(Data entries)
------------
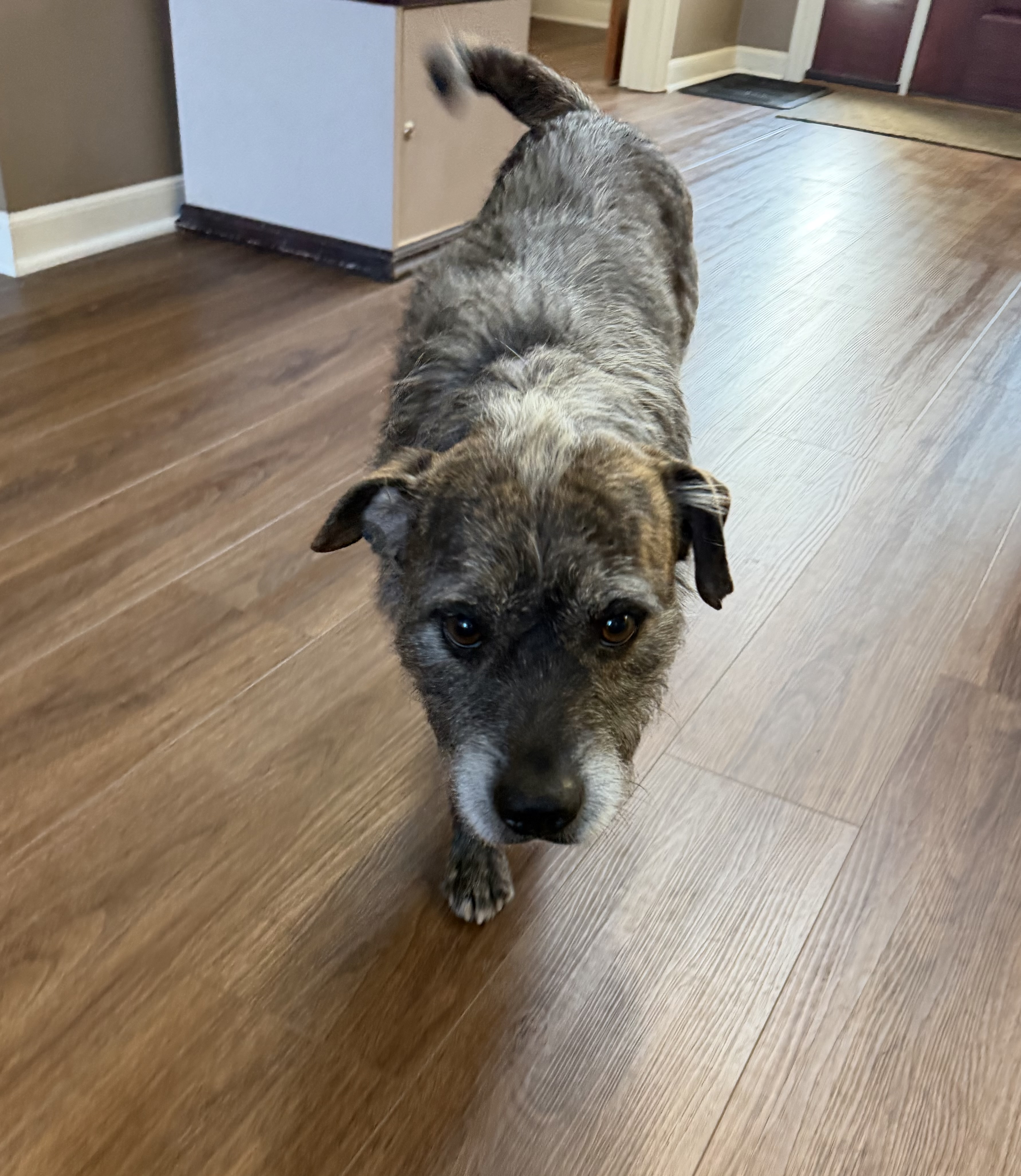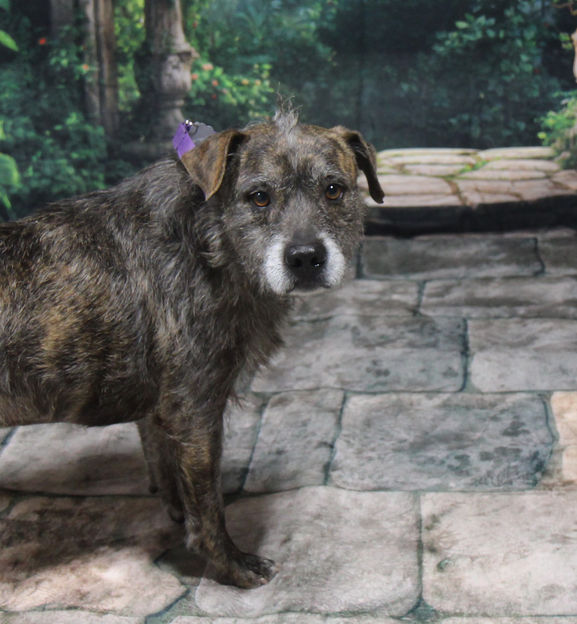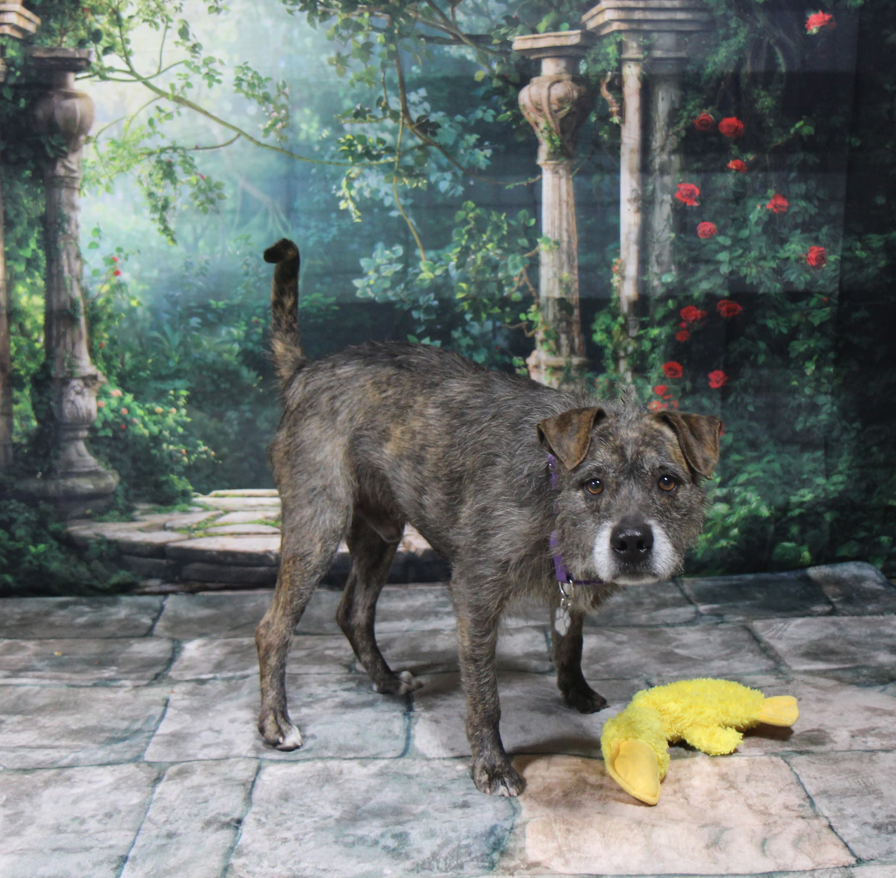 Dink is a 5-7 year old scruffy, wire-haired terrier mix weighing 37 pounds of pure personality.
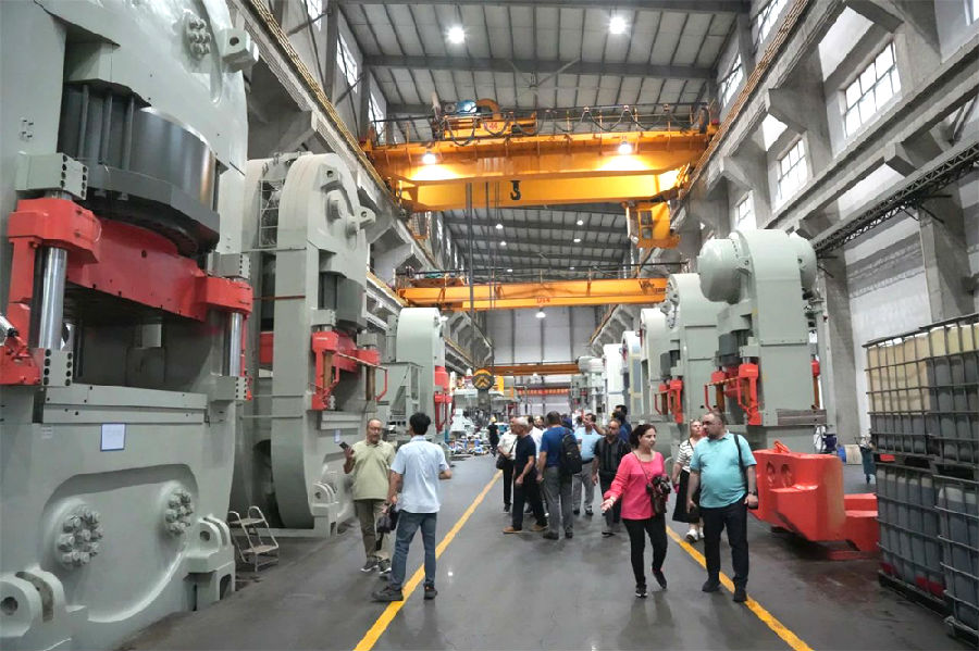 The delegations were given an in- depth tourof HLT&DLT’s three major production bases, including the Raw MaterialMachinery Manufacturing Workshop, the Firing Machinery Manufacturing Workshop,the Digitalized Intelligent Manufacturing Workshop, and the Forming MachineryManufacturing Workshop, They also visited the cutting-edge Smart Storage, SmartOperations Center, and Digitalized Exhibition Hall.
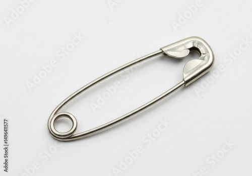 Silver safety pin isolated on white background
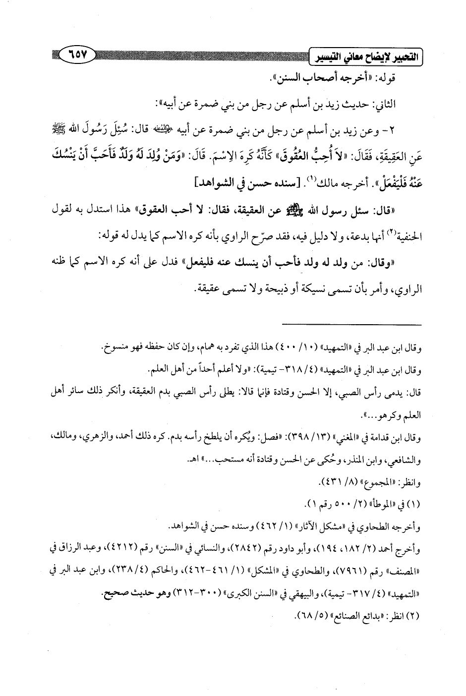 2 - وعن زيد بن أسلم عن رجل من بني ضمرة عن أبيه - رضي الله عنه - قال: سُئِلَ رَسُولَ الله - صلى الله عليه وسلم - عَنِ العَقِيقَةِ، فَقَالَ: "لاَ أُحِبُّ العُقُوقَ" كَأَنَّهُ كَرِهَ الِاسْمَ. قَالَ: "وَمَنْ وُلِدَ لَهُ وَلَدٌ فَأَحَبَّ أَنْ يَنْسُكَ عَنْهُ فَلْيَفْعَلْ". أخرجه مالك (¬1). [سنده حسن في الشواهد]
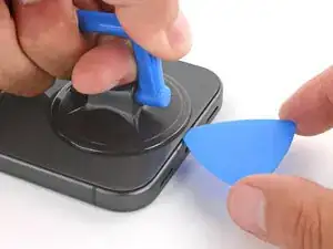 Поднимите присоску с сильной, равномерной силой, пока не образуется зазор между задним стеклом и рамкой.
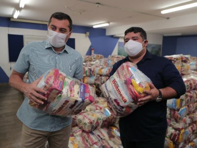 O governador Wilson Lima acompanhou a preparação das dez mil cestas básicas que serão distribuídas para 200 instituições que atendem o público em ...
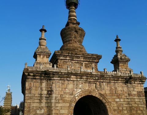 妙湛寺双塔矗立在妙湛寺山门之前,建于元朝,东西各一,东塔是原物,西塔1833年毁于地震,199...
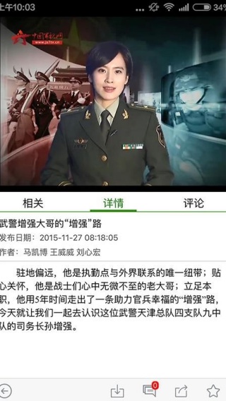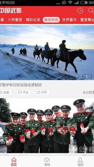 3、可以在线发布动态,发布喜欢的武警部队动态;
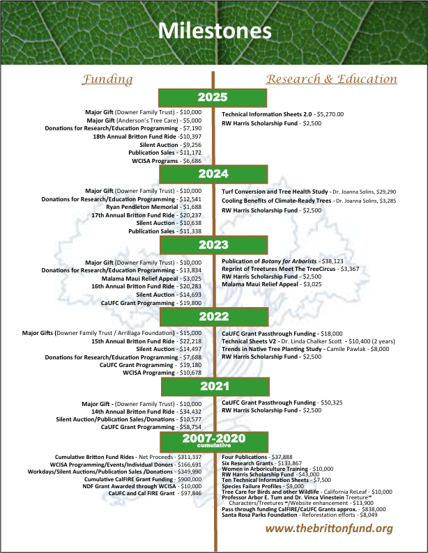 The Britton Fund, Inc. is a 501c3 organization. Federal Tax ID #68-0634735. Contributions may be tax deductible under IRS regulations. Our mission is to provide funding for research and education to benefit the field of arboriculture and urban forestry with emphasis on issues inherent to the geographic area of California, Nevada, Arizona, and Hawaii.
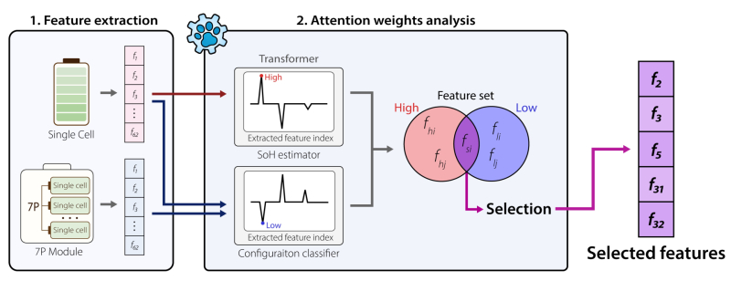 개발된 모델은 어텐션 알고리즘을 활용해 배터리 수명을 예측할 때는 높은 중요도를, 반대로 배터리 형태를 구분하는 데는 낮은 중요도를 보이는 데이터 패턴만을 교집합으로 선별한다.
------------
= WORK TO COMPLETE =
Give the data again exactly as written, with all pictures left out.

= WRITTEN REPLY =
 Dink is a 5-7 year old scruffy, wire-haired terrier mix weighing 37 pounds of pure personality.
 The delegations were given an in- depth tourof HLT&DLT’s three major production bases, including the Raw MaterialMachinery Manufacturing Workshop, the Firing Machinery Manufacturing Workshop,the Digitalized Intelligent Manufacturing Workshop, and the Forming MachineryManufacturing Workshop, They also visited the cutting-edge Smart Storage, SmartOperations Center, and Digitalized Exhibition Hall.
 Silver safety pin isolated on white background
 2 - وعن زيد بن أسلم عن رجل من بني ضمرة عن أبيه - رضي الله عنه - قال: سُئِلَ رَسُولَ الله - صلى الله عليه وسلم - عَنِ العَقِيقَةِ، فَقَالَ: "لاَ أُحِبُّ العُقُوقَ" كَأَنَّهُ كَرِهَ الِاسْمَ. قَالَ: "وَمَنْ وُلِدَ لَهُ وَلَدٌ فَأَحَبَّ أَنْ يَنْسُكَ عَنْهُ فَلْيَفْعَلْ". أخرجه مالك (¬1). [سنده حسن في الشواهد]
 Поднимите присоску с сильной, равномерной силой, пока не образуется зазор между задним стеклом и рамкой.
 O governador Wilson Lima acompanhou a preparação das dez mil cestas básicas que serão distribuídas para 200 instituições que atendem o público em ...
 妙湛寺双塔矗立在妙湛寺山门之前,建于元朝,东西各一,东塔是原物,西塔1833年毁于地震,199...
 3、可以在线发布动态,发布喜欢的武警部队动态;
 The Britton Fund, Inc. is a 501c3 organization. Federal Tax ID #68-0634735. Contributions may be tax deductible under IRS regulations. Our mission is to provide funding for research and education to benefit the field of arboriculture and urban forestry with emphasis on issues inherent to the geographic area of California, Nevada, Arizona, and Hawaii.
 개발된 모델은 어텐션 알고리즘을 활용해 배터리 수명을 예측할 때는 높은 중요도를, 반대로 배터리 형태를 구분하는 데는 낮은 중요도를 보이는 데이터 패턴만을 교집합으로 선별한다.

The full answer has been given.